INFORMATION SHOWN:
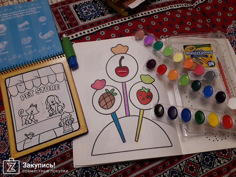 Получила краски, начну с того что вообще не люблю акварель))) НО это же крайола, заказала на пробу и не пожалела, цвета ооочень насыщенные, раскрашивают без проблесков, смешиваются между собой хорошо, я довольна! Еще хочу показать многоразовую водную расскраску, которой пол-года!!! Она у нас если не ежедневного, то регулярного использования. Кое где коцки -это ребенок не красил, а тыкал кистью, поверьте те расскраски что продают у нас столько точно не протянут. Еще понравилось что есть мини задания, найти на картинке \"спрятанные\" предметы.
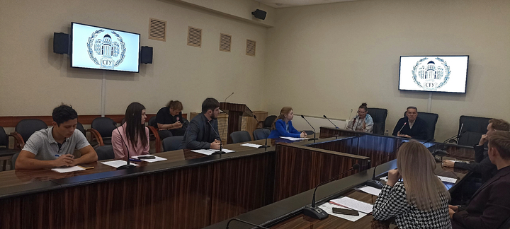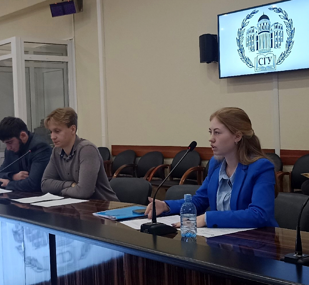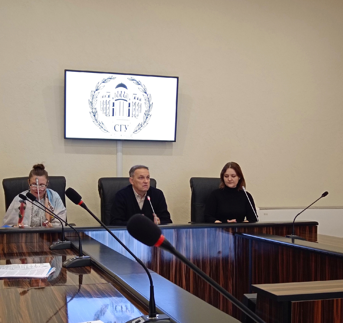 В президиум круглого стола вошли директор ИРСЭПИ, председатель Саратовского отделения Российской ассоциации содействия ООН Владимир Александрович Шашко, доцент кафедры международных отношений и внешней политики России Ольга Константиновна Рыбалко и член правления ИРСЭПИ Наталья Сергеевна Самылкина.
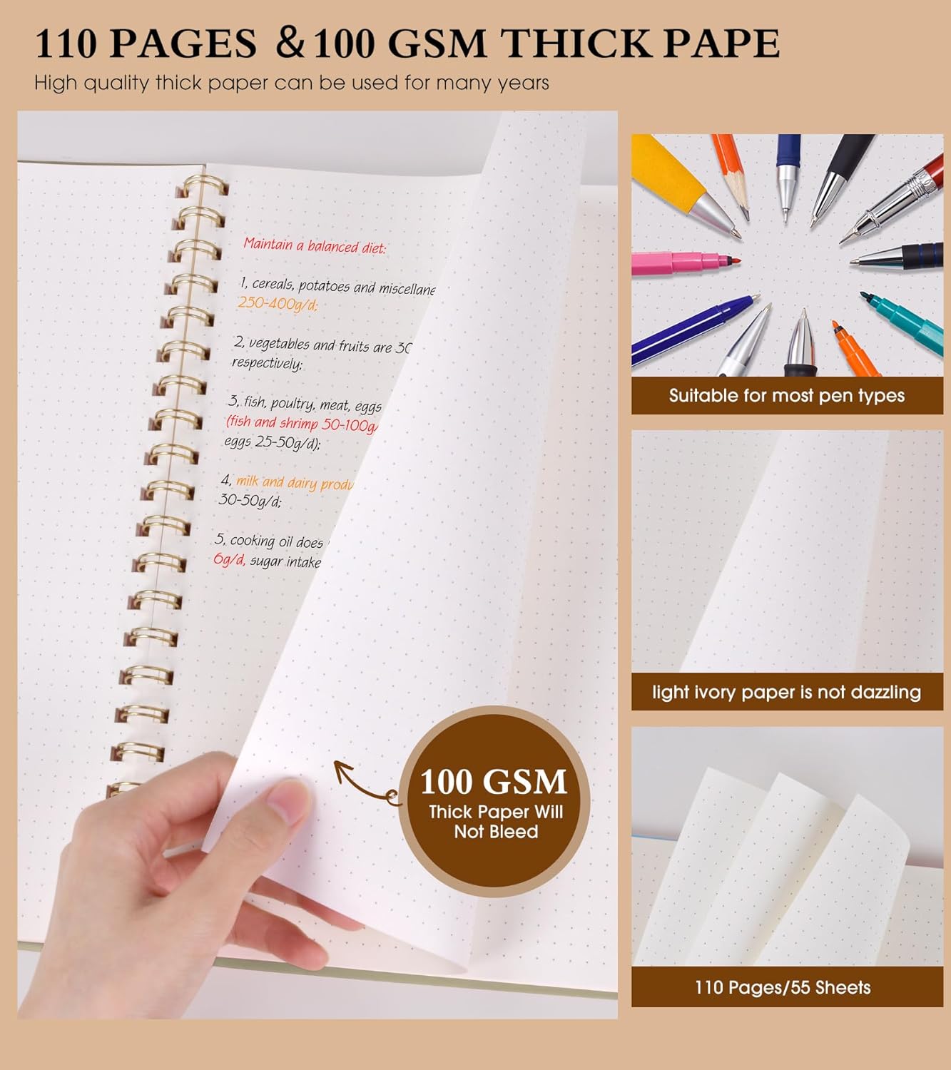 - 【100 GSM Ink-friendly Paper】 Our yellow spiral dot grid notebook pages are very thick, which avoids ink bleeding through and ghosting. Suitable for most pen types, such as ballpoint pens, fountain pens. Each dotted journal 55 sheets/110 pages, offering enough space to write in. Allowing you to write on both sides of every page to maximize your usable space. light ivory paper is not dazzling, let you have a comfortable writing experience.

PROBLEM DETAILS: Please retype the data exactly, but do not carry over any picture.

SOLUTION TO THE EXERCISE:
 Получила краски, начну с того что вообще не люблю акварель))) НО это же крайола, заказала на пробу и не пожалела, цвета ооочень насыщенные, раскрашивают без проблесков, смешиваются между собой хорошо, я довольна! Еще хочу показать многоразовую водную расскраску, которой пол-года!!! Она у нас если не ежедневного, то регулярного использования. Кое где коцки -это ребенок не красил, а тыкал кистью, поверьте те расскраски что продают у нас столько точно не протянут. Еще понравилось что есть мини задания, найти на картинке \"спрятанные\" предметы.
 В президиум круглого стола вошли директор ИРСЭПИ, председатель Саратовского отделения Российской ассоциации содействия ООН Владимир Александрович Шашко, доцент кафедры международных отношений и внешней политики России Ольга Константиновна Рыбалко и член правления ИРСЭПИ Наталья Сергеевна Самылкина.
 - 【100 GSM Ink-friendly Paper】 Our yellow spiral dot grid notebook pages are very thick, which avoids ink bleeding through and ghosting. Suitable for most pen types, such as ballpoint pens, fountain pens. Each dotted journal 55 sheets/110 pages, offering enough space to write in. Allowing you to write on both sides of every page to maximize your usable space. light ivory paper is not dazzling, let you have a comfortable writing experience.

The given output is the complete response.